I pull up the metrics. OPcache hit rate: 97%. MySQL slow log: empty. PHP-FPM workers: all alive. But in the logs there are 2–4 second gaps between 18:30 and 21:00 — in places where there shouldn't be any delay at all.

I open the hosting dashboard. CPU steal: 28–42%.

There's the answer.

When code-level tuning stops helping

I've seen this pattern on several projects. A developer inherits a slow Bitrix site, works through the checklist — OPcache, session handler, query optimization, PHP-FPM pool size — and the site genuinely improves. Then a promo email goes out, or it's a Tuesday evening, and everything falls over again.

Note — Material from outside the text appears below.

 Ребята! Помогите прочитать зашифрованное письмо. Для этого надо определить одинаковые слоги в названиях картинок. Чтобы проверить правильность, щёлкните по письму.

The easy blame is Bitrix. Or the thought: "time to go headless."

Sometimes the ceiling isn't in the code at all.

CPU steal: the metric your Bitrix monitoring never shows

CPU steal is the percentage of time a virtual machine spends waiting for processor time from the hypervisor. In a shared hosting environment, your PHP workers might be ready to run, but the hypervisor is busy with another VM on the same physical host.

Bitrix has no CPU steal dashboard. ISPmanager doesn't show it in its standard monitoring view. MySQL's slow query log doesn't capture it — the queries themselves might be fast. The only place you'll find it is in system metrics: vmstat, iostat -x, or your cloud provider's panel if they expose it.

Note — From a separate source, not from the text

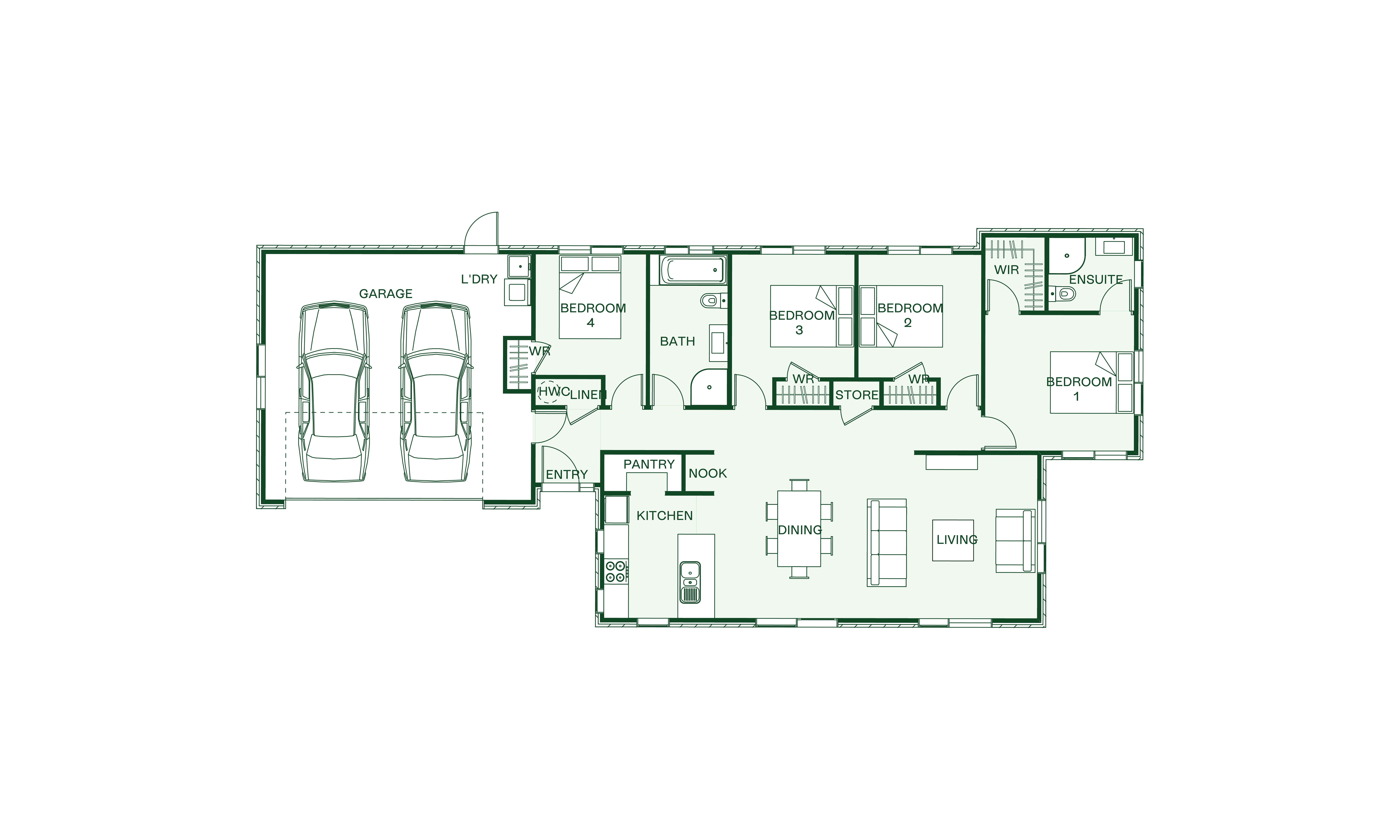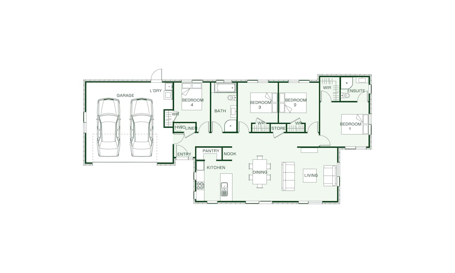 Fusing style and functionality, there is a lot on offer with the four-bedroom Kakariki plan. The open plan layout welcomes light into your home, with multiple areas to access the outdoors. The modern kitchen comes complete with a large pantry and a study nook just around the corner. This plan has all of the attributes that make for a great family home.

CPU steal consistently above 10–15% is a problem. At 28–42% during peak hours, roughly every third clock cycle your server is waiting for a neighbor to release a physical core.

In our case — an e-commerce store, 28k SKU, Bitrix on a shared VPS — this was invisible during normal load. At 20–30 concurrent requests, everything was fine. At 80–100 requests during evening peaks, the waiting started.

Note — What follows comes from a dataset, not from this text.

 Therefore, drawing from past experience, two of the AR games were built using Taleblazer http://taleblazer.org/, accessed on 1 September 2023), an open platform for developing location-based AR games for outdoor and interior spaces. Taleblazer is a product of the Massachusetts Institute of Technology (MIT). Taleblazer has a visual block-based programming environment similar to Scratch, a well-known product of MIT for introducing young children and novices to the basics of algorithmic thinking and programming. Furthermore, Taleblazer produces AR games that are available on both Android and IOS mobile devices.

The connection to code-level tuning isn't obvious until you see it. Check it yourself: run vmstat 1 10 and look at the st column under the cpu section. That's CPU steal, updated every second.

How shared CPU invalidates PHP-FPM and OPcache tuning

In a shared hosting environment, PHP process execution time includes not just actual computation but also CPU scheduling delay — the time a process spends waiting for a physical core to become available. OPcache eliminates file parsing overhead; PHP-FPM reduces process spawn overhead. Neither eliminates scheduling delay caused by CPU contention.

A PHP-FPM worker receives a request and starts executing PHP code. Without OPcache it parses the file every time. With OPcache it reads compiled bytecode from memory. That's fast — but only if the CPU scheduler gives the process time to run.

But "fast memory read" doesn't help when the hypervisor's CPU scheduler isn't giving your process any time. The worker isn't waiting on disk I/O. It isn't waiting on MySQL. It's waiting for CPU.

The numbers from our case:

PHP script execution time in isolation: 180ms
Same request under peak load (80+ concurrent): 1.8–3.2s
MySQL queries in slow log: 0 (all under 50ms)
OPcache hit rate: 97%
CPU steal at that moment: 35–40%

Code optimization has a ceiling. If the physical CPU is busy with other VMs, no amount of PHP tuning gets you past that ceiling. We'd reached it.

One more thing: we'd already fixed PHP-FPM pm.max_children from 5 to 38 (the details here). More workers didn't help under high CPU steal — each worker just spent longer waiting in the scheduler queue.

What the production graphs showed after migrating to dedicated

We moved to a dedicated server from the same cloud provider. Same RAM. Same PHP configuration. No code changes.

Results 72 hours after migration:

CPU steal: 35–40% at peak → 0–1% (dedicated cores, no neighbors)
TTFB p95 during evening peak: 3.1s → 0.85s
TTFB p50 during normal load: 0.41s → 0.38s (almost unchanged — daytime was fine before, too)
Timeouts and 504 errors at peak: 180–220 per hour → 0
PHP-FPM: workers stopped piling up in CPU-wait state

The p50 barely moved. That's expected. During the day, the shared CPU was coping. All the pain was in p95 under load — and that's exactly where the migration made the difference.

One thing that surprised me: after migrating, we found that some of our earlier OPcache tuning had been partially throttled by CPU steal on the old host. On dedicated, the same settings performed fully. Code-level work didn't go to waste — it was just blocked.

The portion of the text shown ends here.